**What you are asked to do**
Your copy of the data below must be exact and must leave out all pictures.

*** The records

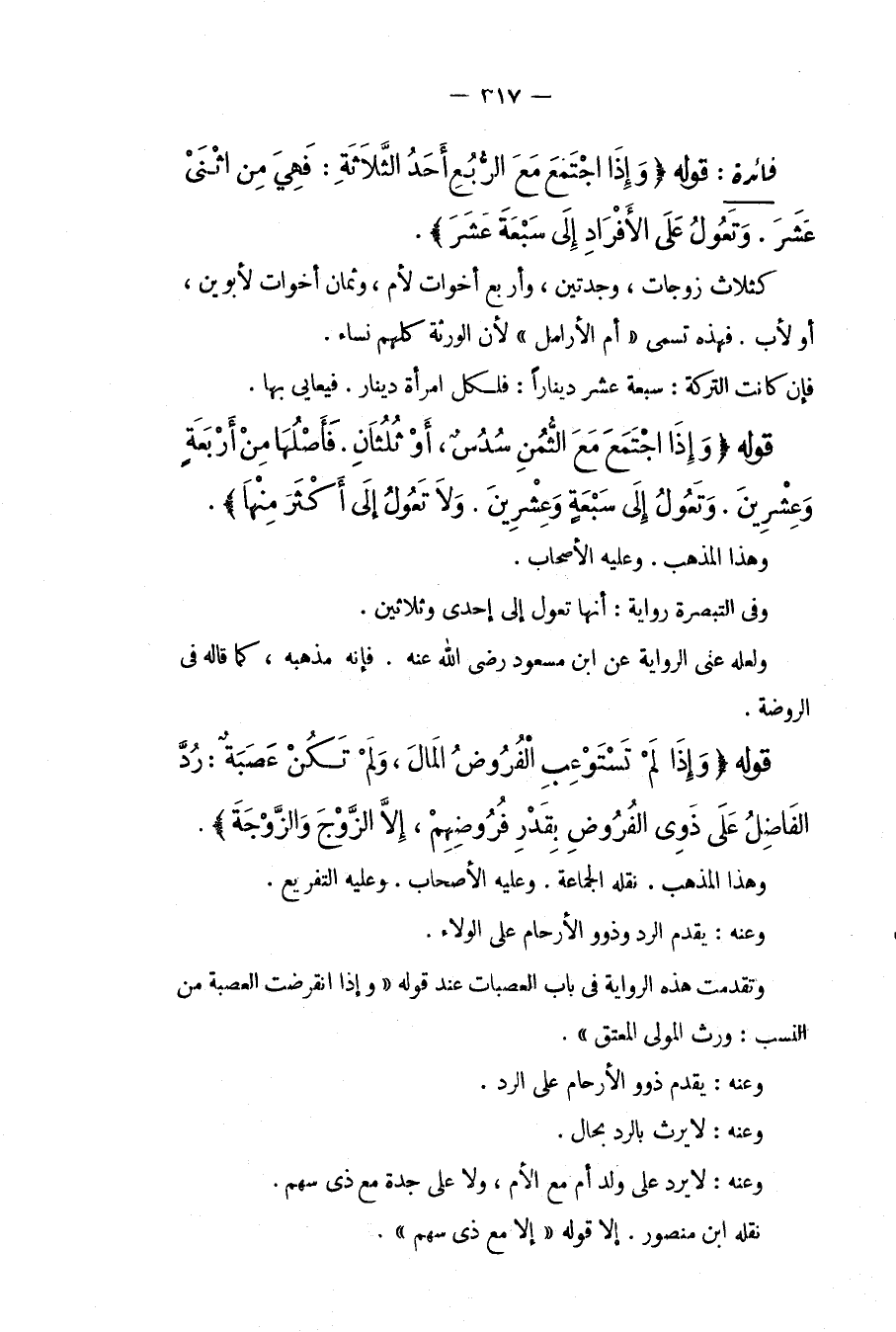 قَوْلُهُ (وَإِذَا اجْتَمَعَ مَعَ الثَّمَنِ سُدُسٌ، أَوْ ثُلُثَانِ. فَأَصْلُهَا مِنْ أَرْبَعَةٍ وَعِشْرِينَ. وَتَعُولُ إلَى سَبْعَةٍ وَعِشْرِينَ. وَلَا تَعُولُ إلَى أَكْثَرَ مِنْهَا) . وَهَذَا الْمَذْهَبُ. وَعَلَيْهِ الْأَصْحَابُ. وَفِي التَّبْصِرَةِ رِوَايَةٌ: أَنَّهَا تَعُولُ إلَى إحْدَى وَثَلَاثِينَ. وَلَعَلَّهُ عَنَى الرِّوَايَةَ عَنْ ابْنِ مَسْعُودٍ - رَضِيَ اللَّهُ عَنْهُ -. فَإِنَّهُ مَذْهَبُهُ، كَمَا قَالَهُ فِي الرَّوْضَةِ.
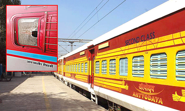 நாகர்கோவிலில் இருந்து நெல்லை, மதுரை வழியாக தாம்பரத்துக்கு தினமும் அந்தியோதயா ரெயில் இயக்கப்பட்டு வருகிறது. அதன்படி இந்த ரெயில் நேற்று ஆரல்வாய்மொழி அருகே ரெயில் வந்து கொண்டிருந்தபோது மர்மநபர்கள் திடீரென்று ரெயில் மீது சரமாரியாக கற்களை வீசினர். இதில் ஒரு கல், 5-வது பெட்டி பக்கவாட்டு ஜன்னல் கண்ணாடி மீது விழுந்தது. அந்த கண்ணாடியில் ஓட்டை விழுந்து கண்ணாடி துகள்கள் சிதறின.
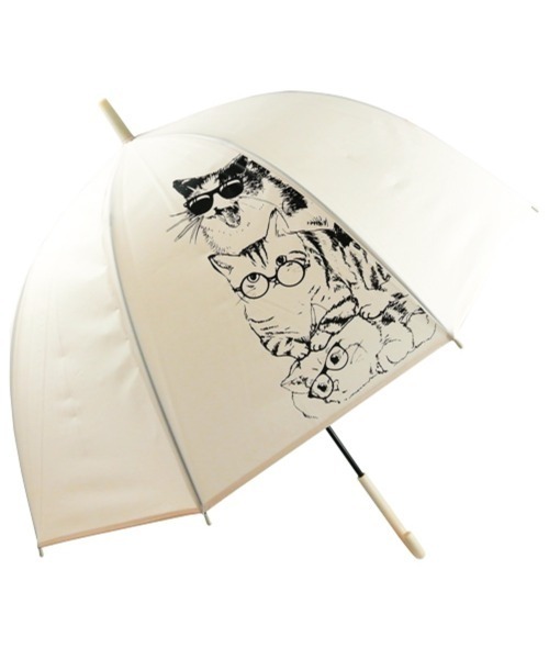 可愛いネコちゃんモチーフ付きなのもポイント◎【傘生地に大きなプリント】・シンプルだけど可愛いネコちゃんのプリントと英字ロゴが心惹かれるデザイン♪ネコちゃん達と一緒に雨の日も楽しくお出かけができるアイテム。
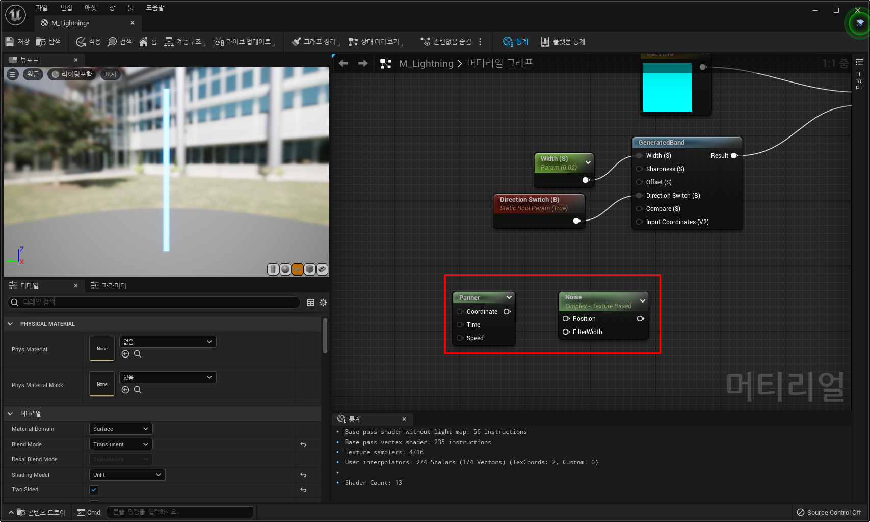 Panner : Y축 또는 X축으로 텍스처를 이동시킬 때 사용
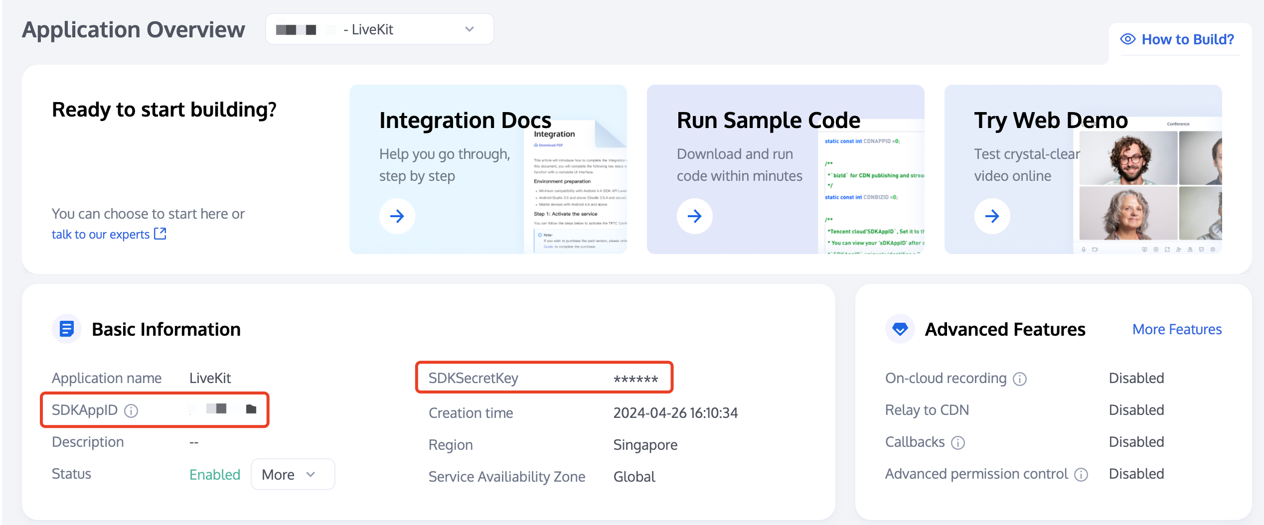 SDKAppID と SDKSecretKey** を取得します。

******

**Answer area**
 قَوْلُهُ (وَإِذَا اجْتَمَعَ مَعَ الثَّمَنِ سُدُسٌ، أَوْ ثُلُثَانِ. فَأَصْلُهَا مِنْ أَرْبَعَةٍ وَعِشْرِينَ. وَتَعُولُ إلَى سَبْعَةٍ وَعِشْرِينَ. وَلَا تَعُولُ إلَى أَكْثَرَ مِنْهَا) . وَهَذَا الْمَذْهَبُ. وَعَلَيْهِ الْأَصْحَابُ. وَفِي التَّبْصِرَةِ رِوَايَةٌ: أَنَّهَا تَعُولُ إلَى إحْدَى وَثَلَاثِينَ. وَلَعَلَّهُ عَنَى الرِّوَايَةَ عَنْ ابْنِ مَسْعُودٍ - رَضِيَ اللَّهُ عَنْهُ -. فَإِنَّهُ مَذْهَبُهُ، كَمَا قَالَهُ فِي الرَّوْضَةِ.
 நாகர்கோவிலில் இருந்து நெல்லை, மதுரை வழியாக தாம்பரத்துக்கு தினமும் அந்தியோதயா ரெயில் இயக்கப்பட்டு வருகிறது. அதன்படி இந்த ரெயில் நேற்று ஆரல்வாய்மொழி அருகே ரெயில் வந்து கொண்டிருந்தபோது மர்மநபர்கள் திடீரென்று ரெயில் மீது சரமாரியாக கற்களை வீசினர். இதில் ஒரு கல், 5-வது பெட்டி பக்கவாட்டு ஜன்னல் கண்ணாடி மீது விழுந்தது. அந்த கண்ணாடியில் ஓட்டை விழுந்து கண்ணாடி துகள்கள் சிதறின.
 可愛いネコちゃんモチーフ付きなのもポイント◎【傘生地に大きなプリント】・シンプルだけど可愛いネコちゃんのプリントと英字ロゴが心惹かれるデザイン♪ネコちゃん達と一緒に雨の日も楽しくお出かけができるアイテム。
 Panner : Y축 또는 X축으로 텍스처를 이동시킬 때 사용
 SDKAppID と SDKSecretKey** を取得します。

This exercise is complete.